[Duck Creek and Mason Bay, with weather threatening]
There is nothing like the fear of missing a connection to panic a traveller. When you are walking, and the connection is with a boat that must leave at a fixed time because of tides, that sense of panic can be amplified.
We'd spent the night in remote Mason Bay Hut on the wild west coast of Stewart Island, New Zealand's southern extremity. It had rained all night, and we were out of bed well before a pale, wet dawn. We had a three, or four, or maybe five hour walk - it depended who you listened to - before we'd get to Freshwater Landing for the water taxi we must not miss. That meant getting walking by 6-30am, unheard of in my usual walking company!

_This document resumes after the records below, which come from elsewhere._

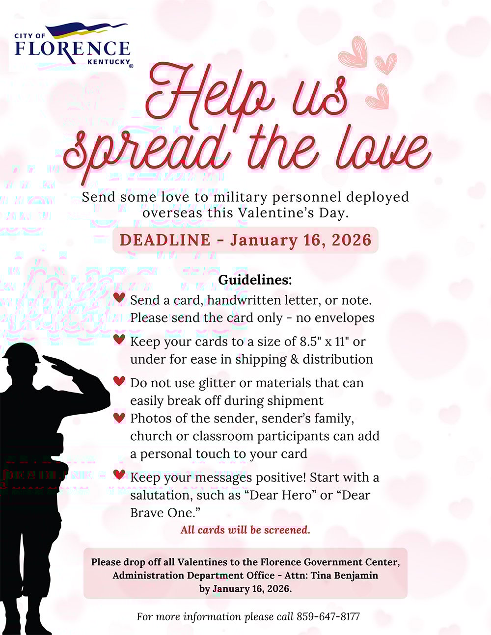 The City of Florence is inviting residents of all ages to send heartfelt messages of appreciation to U.S. military personnel deployed overseas through its Valentines for Troops program ahead of Valentine’s Day.
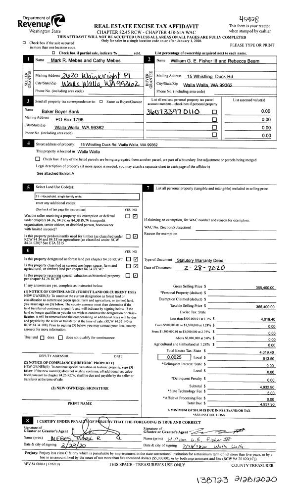 | 1 | 02/28/2020 | SWD | STATUTORY WARRANTY DEED | MEBES MARK R & CATHY | FISHER III WILLIAM G E & REBECCA BEAM | | | $365,400.00 | 138723 | 2020-01913 |
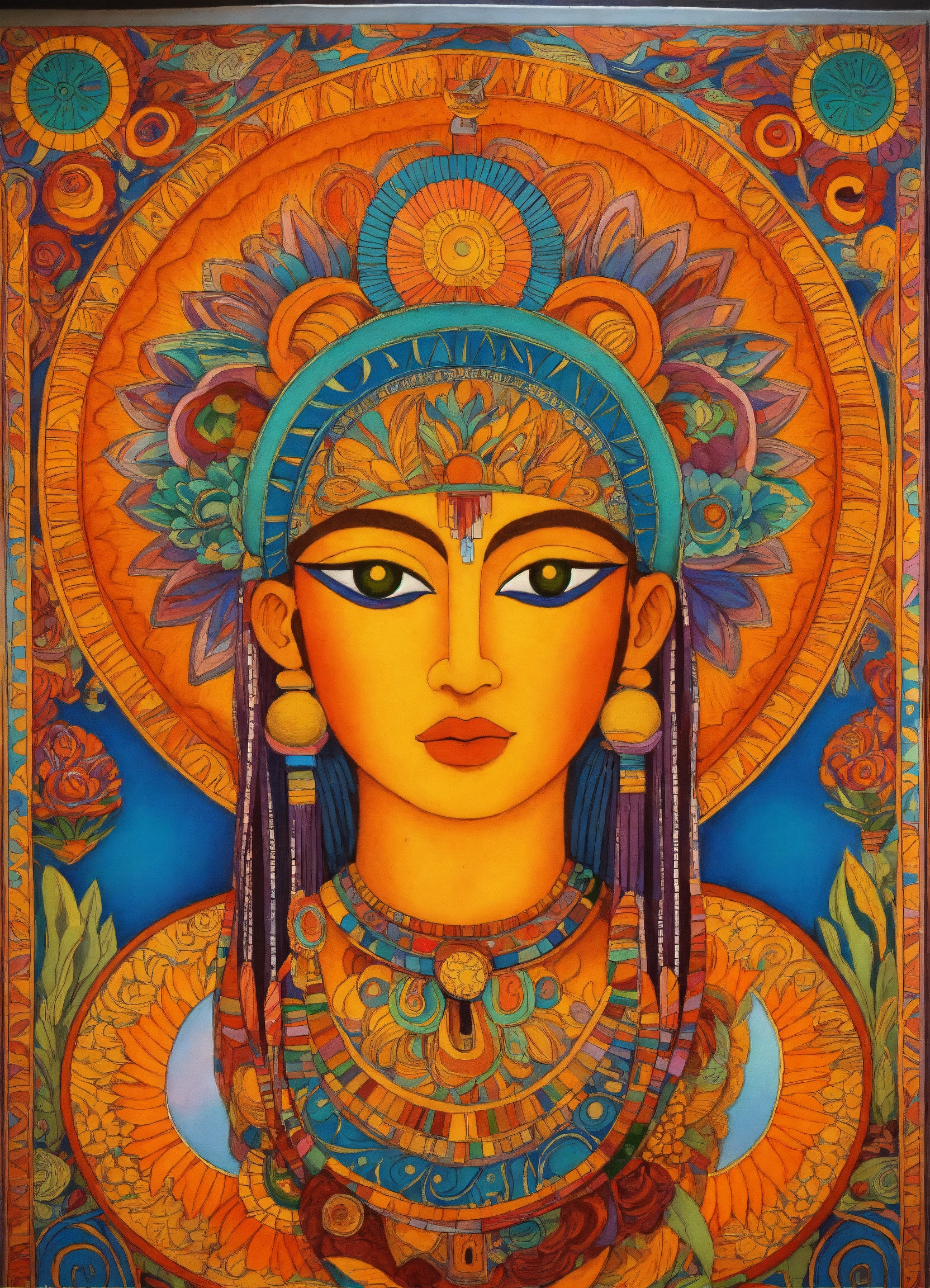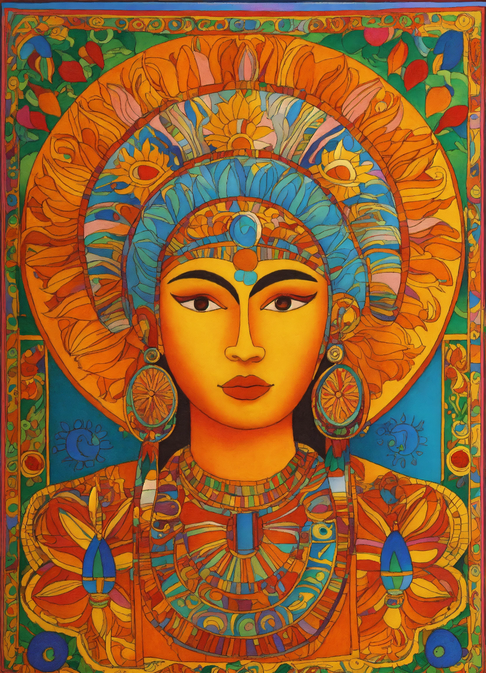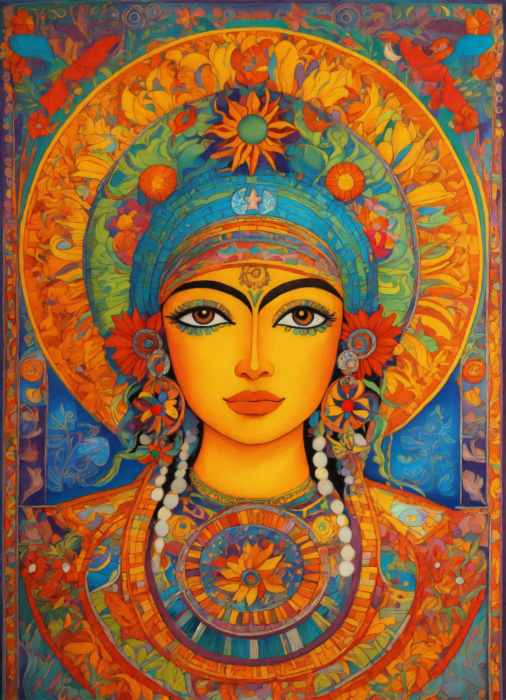 Mexican folk art art drawing the spirit of the sun and the moon. crystal clear, line drawing, clean clear lines, coloring book style, bright colors, intricate details, mexican patterns elements and symbols, elegant, magical, serene, fine details, pastel pencils, winsor mccay style
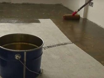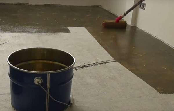 - Vous devez d’abord effectuer l’amorçage du sous-plancher. Cela améliorera l'adhésion de l'ancien revêtement avec la nouvelle solution. Si le sol rugueux est poreux, il doit être traité avec un apprêt (une composition visqueuse pour apprêt).
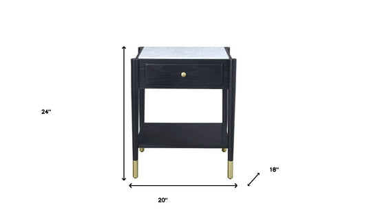 24" Black And White Marble And Solid Wood Rectangular End Table
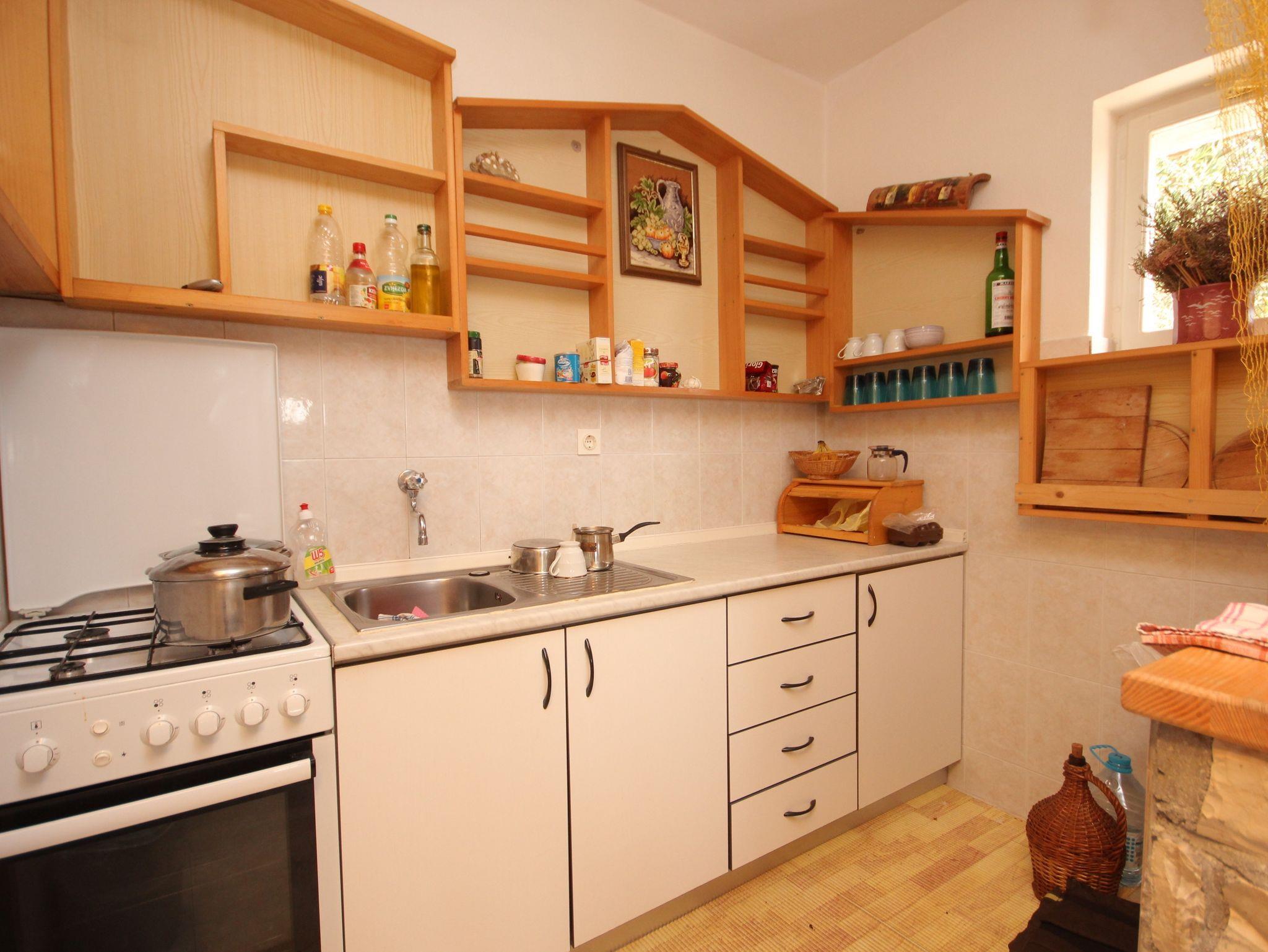 Haus bietet Platz für 6 Gäste. Die Betten sind in Schlafzimmern, die es 3 gibt, innerhalb einer Gesamtfläche von 78m2, angeordnet. Die Gäste haben eine eigene Terrasse zur Verfügung, auf der sie in warmen Sommernächten genießen können. Das Haus bietet Meerblick. Für vollen Genuss und Entspannung gibt es einen privaten Grill für Gäste dieser Unterkunft. In der Unterkunftseinheit besteht die Möglichkeit des Mitbringens von Haustieren gegen Aufpreis. IM PREIS INBEGRIFFEN: Kurtaxe, Endreinigung, Bootsanlegeplatz, Sonnenschirm, Liegestühle. VERBINDLICHE ZUSÄTZLICHE KOSTEN: Aufzahlung für Kurzaufenthalte (prozentualer Zuschlag pro Nächtigungsanzahl: 30% - 1, 20% - 2, 10% - 3). UNVERBINDLICHE ZUSÄTZLICHE KOSTEN: Haustiere (5,00 € pro Nacht), 2 Kinderbettchen (7,00 € Person/Tag). Die Verfügbarkeit zusätzlicher Dienstleistungen in Ihrem reservierten Termin und die Preise derselben (falls nicht aufgeführt) müssen im Voraus überprüft werden. Zusätzliche Dienstleistungen die in der Zahlungsaufforderung nicht aufgeführt sind werden direkt beim Vermieter bezahlt, angenommen der Gast nutzt auch diese.
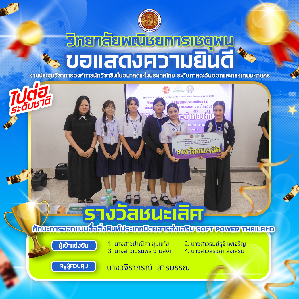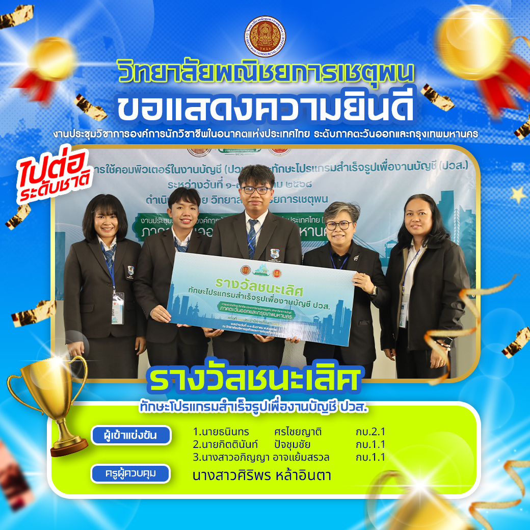 รางวัลชนะเลิศการแข่งขันทักษะทักษะโปรแกรมสำเร็จรูปเพื่องานบัญชี ปวส.ในงานประชุมวิชาการองค์การนักวิชาชีพในอนาคตแห่งประเทศไทย ระดับภาคตะวันออกและกรุงเทพมหานคร
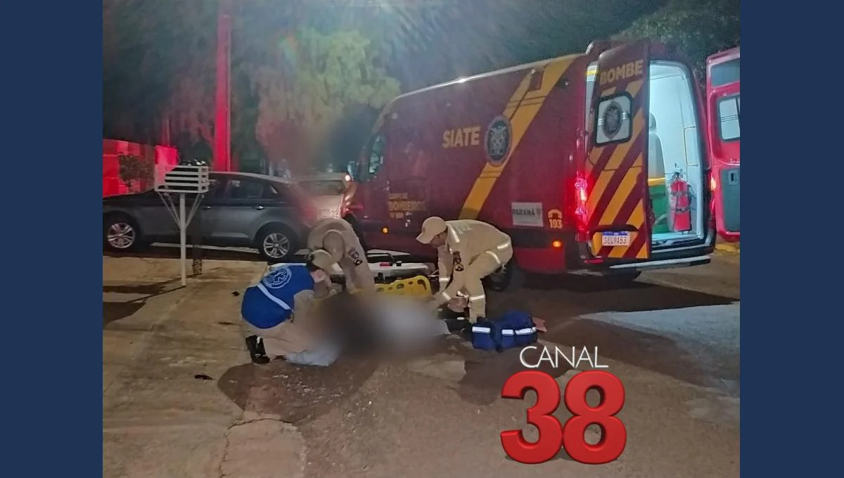 Um motociclista de 25 anos ficou ferido na noite desta terça-feira (05) após um acidente de trânsito na Rua Denhei Kanashiro, no Residencial Raposa, em Apucarana, nas proximidades da APAE. A colisão envolveu uma motocicleta Honda CG 160 preta e um automóvel Volkswagen Polo.
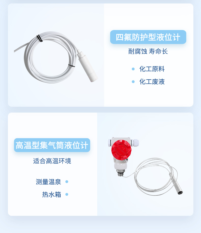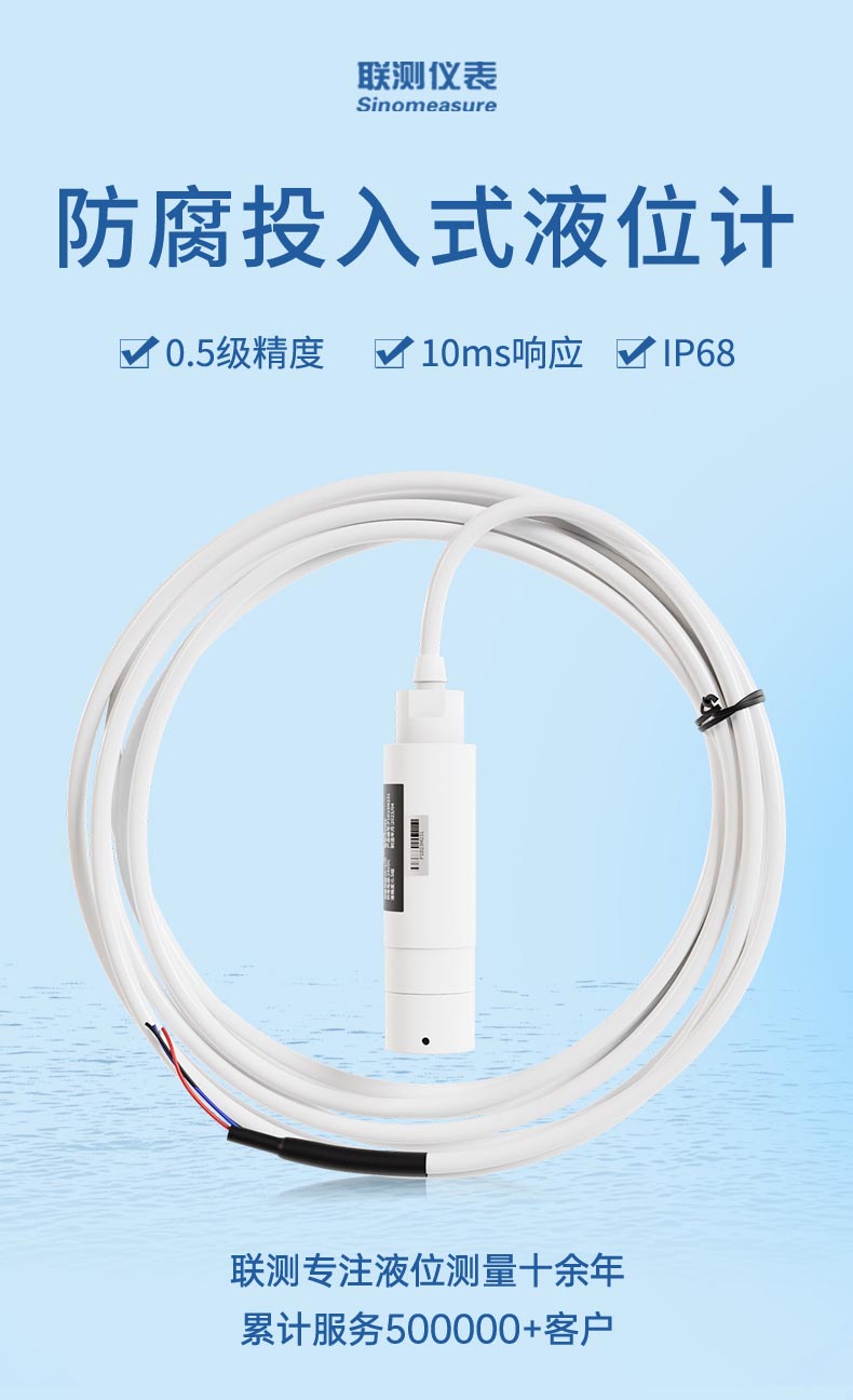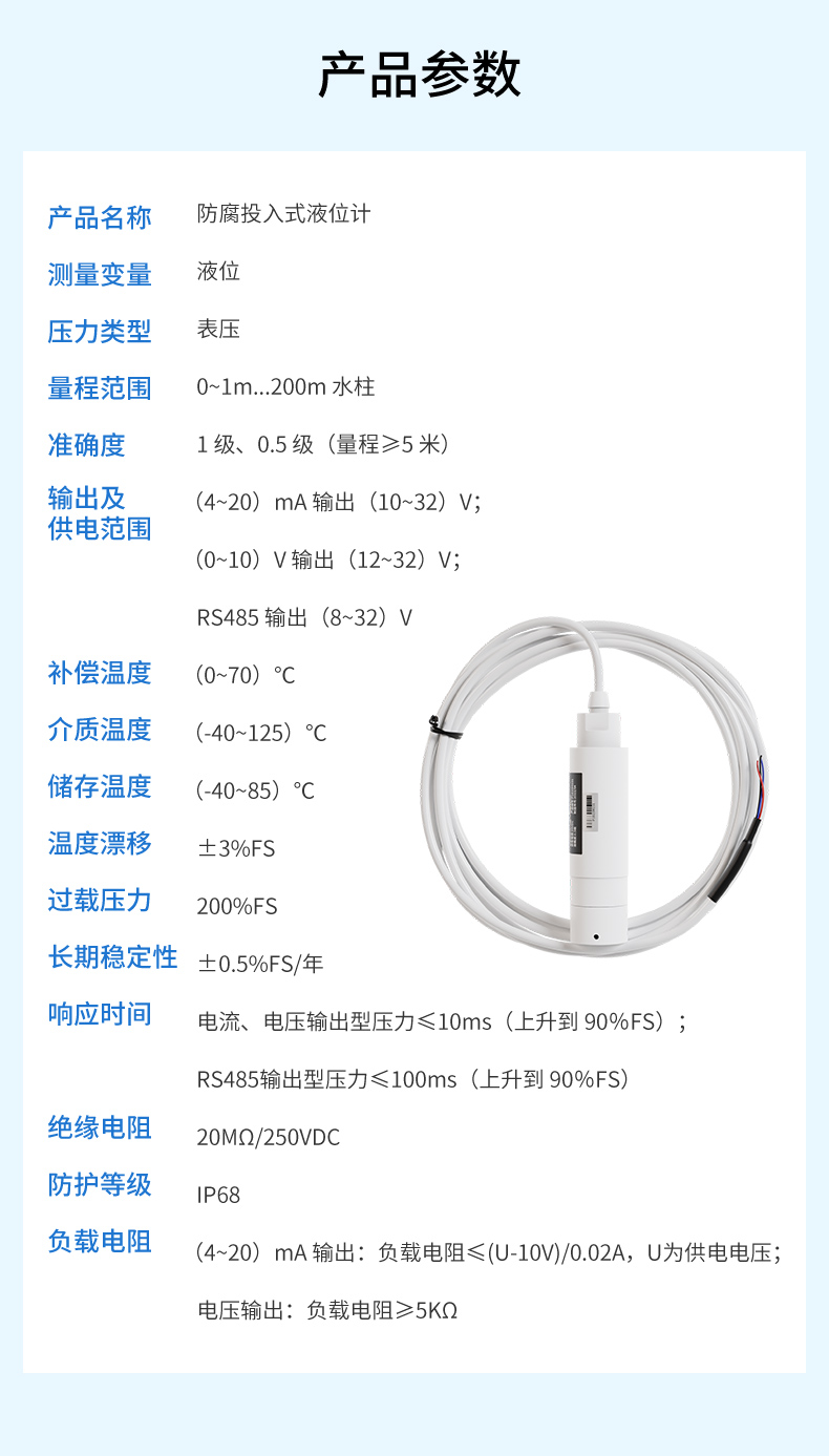 產(chǎn)品描述:防腐投入式液位變送器由高性能陶瓷壓力傳感器作為測量元件,把與液位深度成正比的液體靜壓力準確的測量出來,并經(jīng)過信號調理電路轉換成標準的電流、電壓或 RS485 信號輸出,建立起輸出信號與液位深度的線性對應關系,實現(xiàn)對液體深度的測量。產(chǎn)品采用聚四氟乙烯防腐材質,具有優(yōu)良的耐腐蝕性能,廣泛適用于化工廠酸、堿性等腐蝕介質的液位測量。
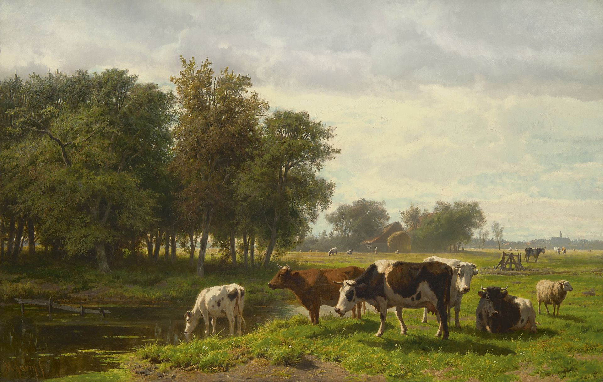 Der talentierte Maler von Viehstücken Hendrik Savrij war der Sohn und Schüler der Stillebenmaler Martinus Savrij in Haarlem. In dieser Stadt wurde er 1823 geboren und er wohnte da bis zu seinem Tode 1907. Auch seine Schwester, Cornelia Johanna, war Malerin und später würde sich auch sein Sohn Henri Savrij einen Namen machen als Maler von Landschaften mit Vieh. In der Malerei von künstlich geordnetem und schön modelliertem Vieh in holländischen Weidelandschaften brachte er die Tradition weiter, die mit Albert Cuyp und Paulus Potter im 17. Jahrhundert angefangen hatte. Zeitgenossen waren unter anderen die Haager Viehmaler Pieter Stortenbeker und Jan de Haas.

Such time pressure, in concert with steady rain and a flat track, doesn't make for ideal walking. Talking loudly to hear each other through our rainhoods, Lynne and I discussed our disappointment at not having seen a kiwi here in one of their few wild strongholds. I had once held a kiwi during a behind-the-scenes tour of Auckland Zoo with a colleague, but there is nothing like seeing such a creature free and in its natural habitat.
We had planned to also go to Ulva Island, a bird sanctuary in a Stewart Island inlet, so were starting to pin our hopes on seeing a wild kiwi there, when we were suddenly startled by the real thing. My experience of a captive bird's mute docility had, I suppose, lead me to think it would be a little like that in the wild. Far from being slow or placid, the large and lively bird flashed rapidly across our path, literally stopping us in our tracks.
[A fast-moving kiwi barely pauses for the camera, Stewart Island, NZ]
We watched for maybe fifteen minutes as the kiwi probed the damp forest floor for morsels: dipping, prodding, twisting, lifting its head, shaking, stepping, prodding again, its beak clacking like chopsticks in an expert hand.
Its body shape reminded me somehow of a small wallaby's. But rather than hopping or loping, it walked with short purposeful steps, and ran like a pole vaulter with long strides, head and beak lowered as though ready for take-off. Of course it can't actually fly, instead relying on speed and camouflage to escape predators, of which there were few before predatory mammals were brought to Aotearoa.
Now kiwi are rare on mainland New Zealand, making this sighting all the more precious. That we came across another one half an hour later added to the wonder. The sightings also slowed us down by a total of maybe twenty minutes. For such a privilege I decided I would be willing to miss my water taxi. But for the record, we made it with more than hour to spare.